Resetting the wallet

This cannot be done when walletd is running. Stop it first.

Mainnet:

sh wallet-tool.sh reset --wallet=mainnet.wallet
rm mainnet.spvchain

Testnet:

sh wallet-tool.sh reset --wallet=testnet.wallet
rm testnet.spvchain

After this you need to start walletd again. It'll take a little while to be usable again.

Restoring wallet from Seed

This should be done before starting walletd for the first time.

Mainnet:

sh wallet-tool.sh create --wallet=mainnet.wallet --seed 'this is where you write the seed' --date 'YYYY/MM/DD'

Testnet:

sh wallet-tool.sh create --wallet=testnet.wallet --seed 'this is where you write the seed' --date 'YYYY/MM/DD'

These commands can't be just copy&pasted, you'll need to edit them to contain your seed. The date is for wallet creation date. Walletd will scan the network for transactions related to this wallet starting from that date. Date is not required, but syncing with the network is going to take much longer if you don't supply a date.

When you start walletd after this, it'll synchronize with the blockchain. Make sure you delete the spvchain file first, if it exists.

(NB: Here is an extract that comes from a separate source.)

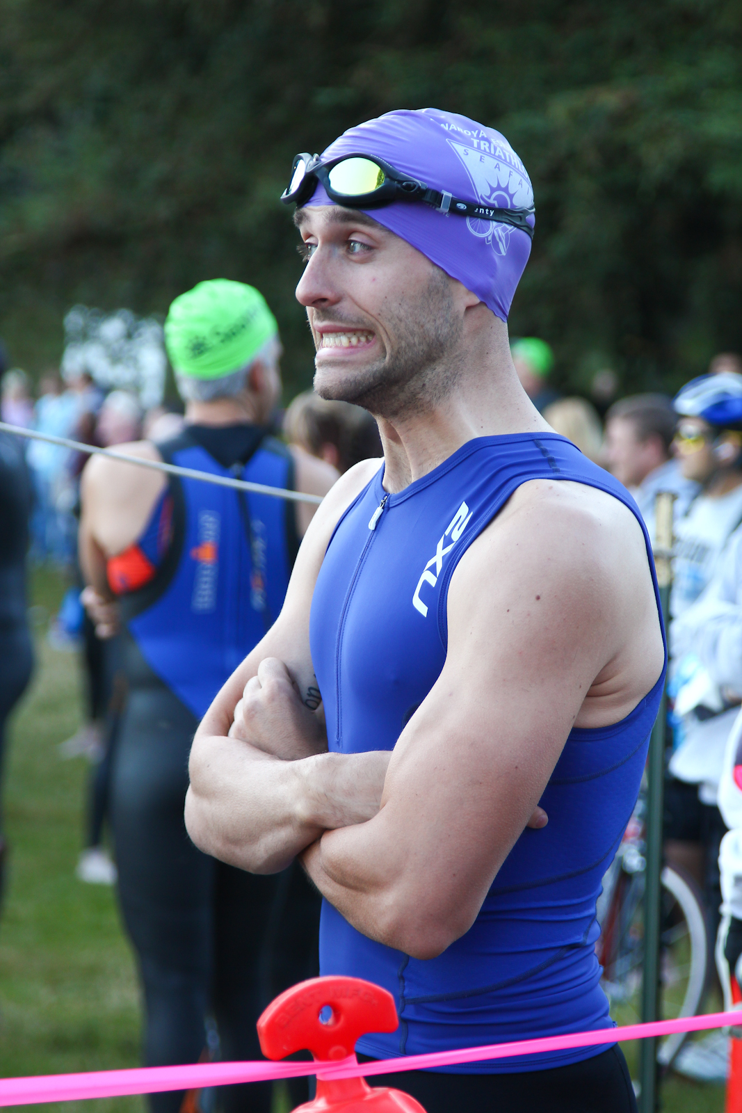 He had a sweatshirt and sweatpants, but he insisted on getting acclimated to the cold since he didn’t have a wetsuit to wear for the swim. I’d say 95% or more of the athletes wore a wetsuit, but Aaron rolled just a tri top and tri shorts for his first race!

Implemented Bitcoind RPC calls

Please refer to Bitcoind documentation for how to use these.

getinfo
getnewaddress
getaccountaddress (alias for getnewaddress)
getunconfirmedbalance
getbalance
sendtoaddress "bitcoinaddress" amount
sendmany "ignored" {"address":amount,...}
sendfrom "ignored" "bitcoinaddress" amount
validateaddress "bitcoinaddress"
getrawtransaction "txid"
settxfee feeperkb
estimatefee target
listunspent (minconf maxconf ["address",...])
signmessage "bitcoinaddress" "message"
verifymessage "bitcoinaddress" "signature" "message"
getreceivedbyaddress "bitcoinaddress" ( minconf )
dumpprivkey "bitcoinaddress"
listtransactions
listsinceblock

RPC extensions:

sendonce

sendonce "identifier" {"address":amount,...}

Sendonce is similar to sendmany. However, the difference is that it will only ever do one send per identifier used. There will be no error if the same identifier is used again. It will simply be a no-op that returns the txid for the sending transaction that was created the first time.

If you're building a service that automatically sends out bitcoins, this can be useful as the last resort defense against bugs that cause multiple sends when only one is intended. Just remember that this method alone is NOT sufficient.